Judge Ho concurred in part and dissented in part because he would have upheld the district court's decision in its entirety, and in contrast to the majority his opinion was squarely in the realm of possibility number three. He went whole hog on every possible avenue for showing his right-wing culture warrior bona fides, including florid discussions of the importance of the doctor's "conscience rights" to be mad that they have to treat patients who are suffering from medical emergencies they disapprove of and a full-scale defense of the applicability of the Comstock Act to block any sort of approval for abortion medication.

There is stiff competition for who is the worst federal appellate judge. But I'm not sure there's any competition for who the most arrogant federal appellate judge is (and it's no surprise, perhaps, that it's a University of Chicago Law alum taking the crown). In that vein, one passage of Judge Ho's opinion especially stood out to me -- his strident defense of the judiciary refusing to accord deference to the scientists at the FDA.

In this appeal, neither the FDA nor Danco is content to simply argue that the district court erred. They disparage the ruling as “an unprecedented judicial assault on a careful regulatory process.” The “non-expert” district court issued an “unprecedented order countermanding the scientific judgment of the Food and Drug Administration.” 

Their message is simple: The scientists at the FDA can do no wrong. So courts have no business reviewing their actions. 

That’s mistaken on multiple levels.  

[....] 

Scientists have contributed an enormous amount to improving our lives. But scientists are human beings just like the rest of us. They’re not perfect. See, e.g., Whole Woman’s Health v. Paxton, 10 F.4th 430, 464–70 (5th Cir. 2021) (en banc) (Ho, J., concurring). None of us are. We all make mistakes.

And the FDA has made plenty....

The scientists at the FDA deserve our respect and our gratitude, but not our blind deference. That would defy Congress’s clear directive that courts conduct independent legal review of FDA action under the APA. 
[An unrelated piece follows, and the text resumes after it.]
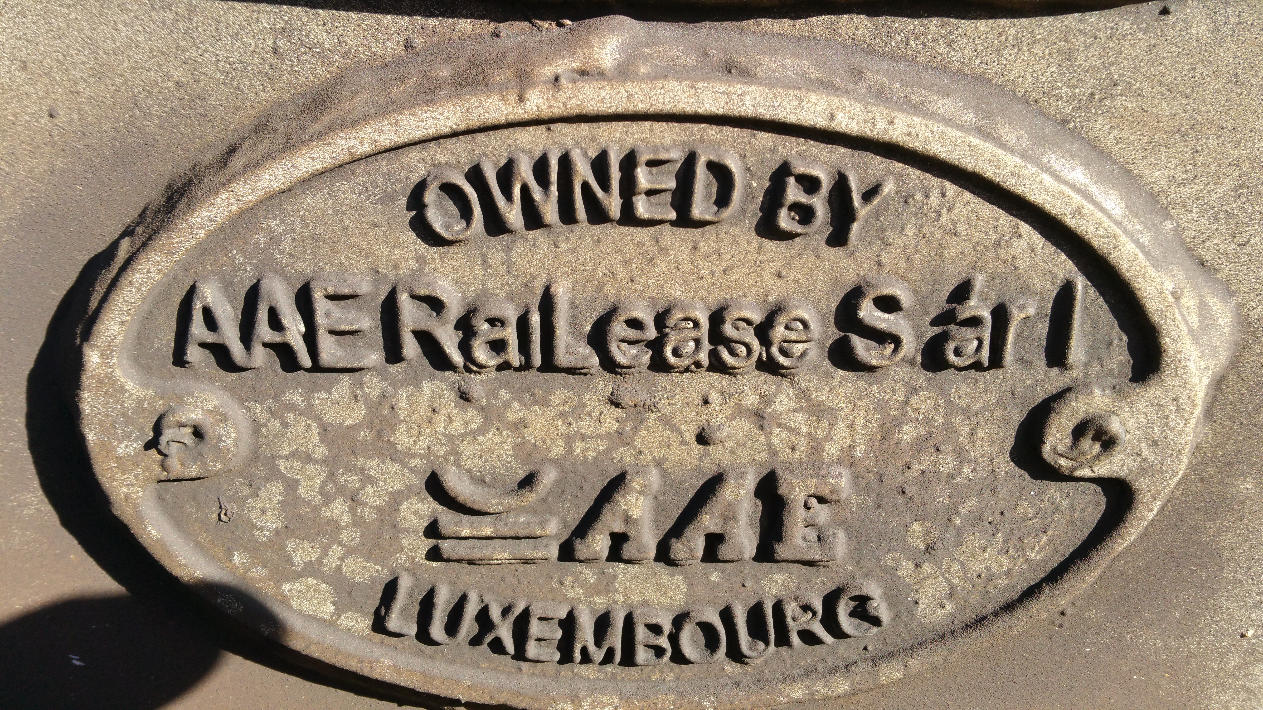 Plate AAE Raillease

Of course it is true that scientists can make mistakes. Judges can make mistakes too (this case is replete with them). And since "we all make mistakes," the actual germane question is who is more likely -- scientific experts or generalist judges -- to make a mistake when it comes to assessing highly technical medical and scientific decisions on drug approval. And the answer there is obvious: judges are far more likely to be mistaken. Hence why the standard of review is "arbitrary and capricious". The agency doesn't get blind deference, but it still gets regular deference. Absent blatant, smack-you-in-the-face mistakes -- the sort that go beyond disputes about best practices or disagreements on matters of judgment and slide all the way into "arbitrary" or "capricious" conduct -- judges defer to the scientists because judges know that in normal circumstances they're more likely to cause a mistake than to correct one.
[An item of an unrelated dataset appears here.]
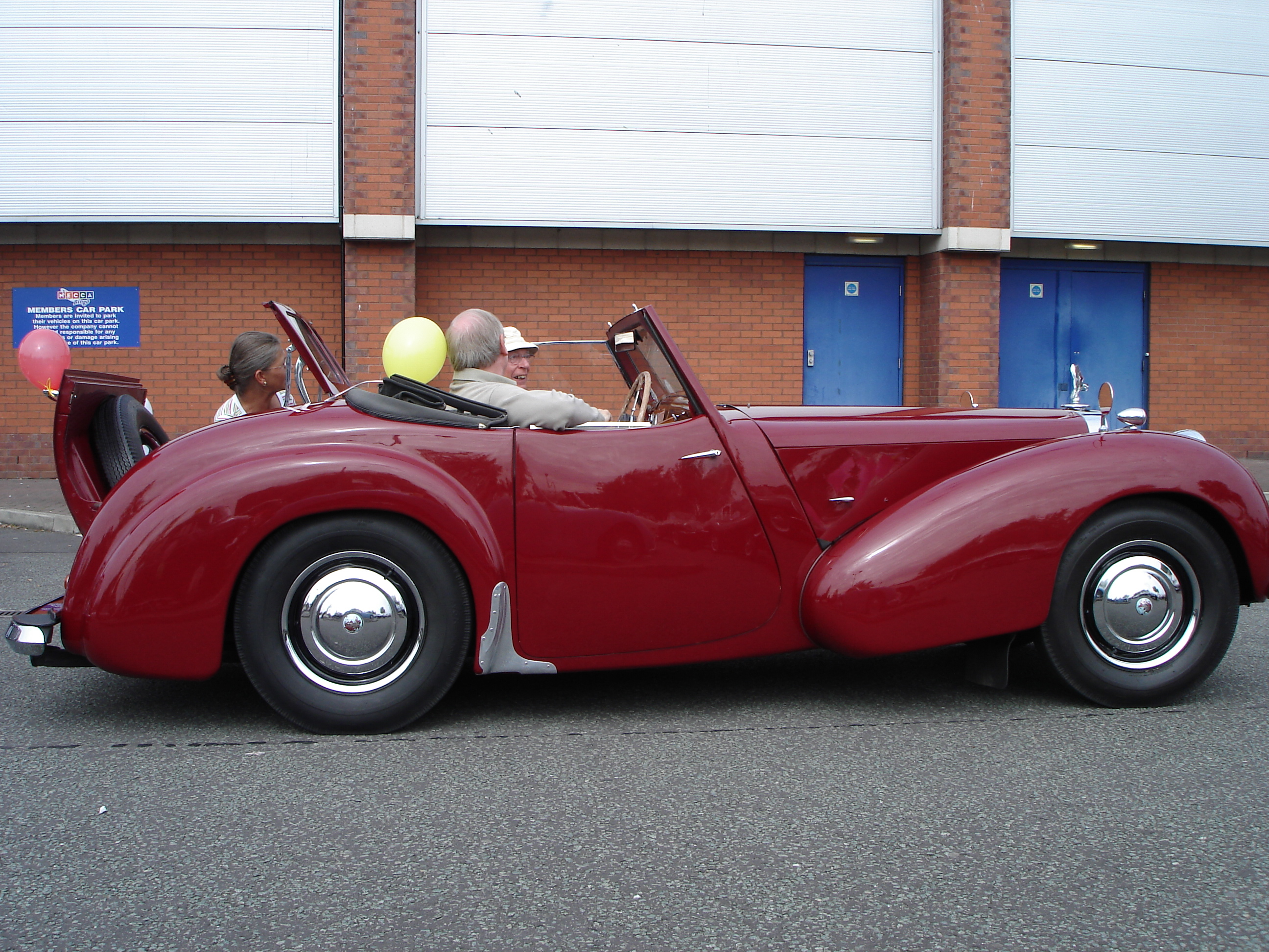 side view of Triumph Roadster 1800 taken by myself

In this case, the FDA analyzed the risks of its new regulations enhancing public access to mifepristone and found that they were negligible. Would it have been better if it is specifically analyzed how these risks might change when all the regulatory changes were aggregated? I have no idea (since again, I'm not a scientific expert, and I'm modest enough not to venture a guess). But it is hard to argue that the decision to rely on the individual negligibility of the risks is either "arbitrary" or "capricious". That sort of pot-shot second-guessing of scientific judgment is exactly what normal judicial modesty and deference should foreclose. 

But Judge Ho's eagerness to emphasize the fallibility of the FDA's scientists is quite predictably paired with a blind refusal to recognize his own parallel status as a mere mortal. In our constitutional system, it seems, scientists aren't gods; only Fifth Circuit judges are.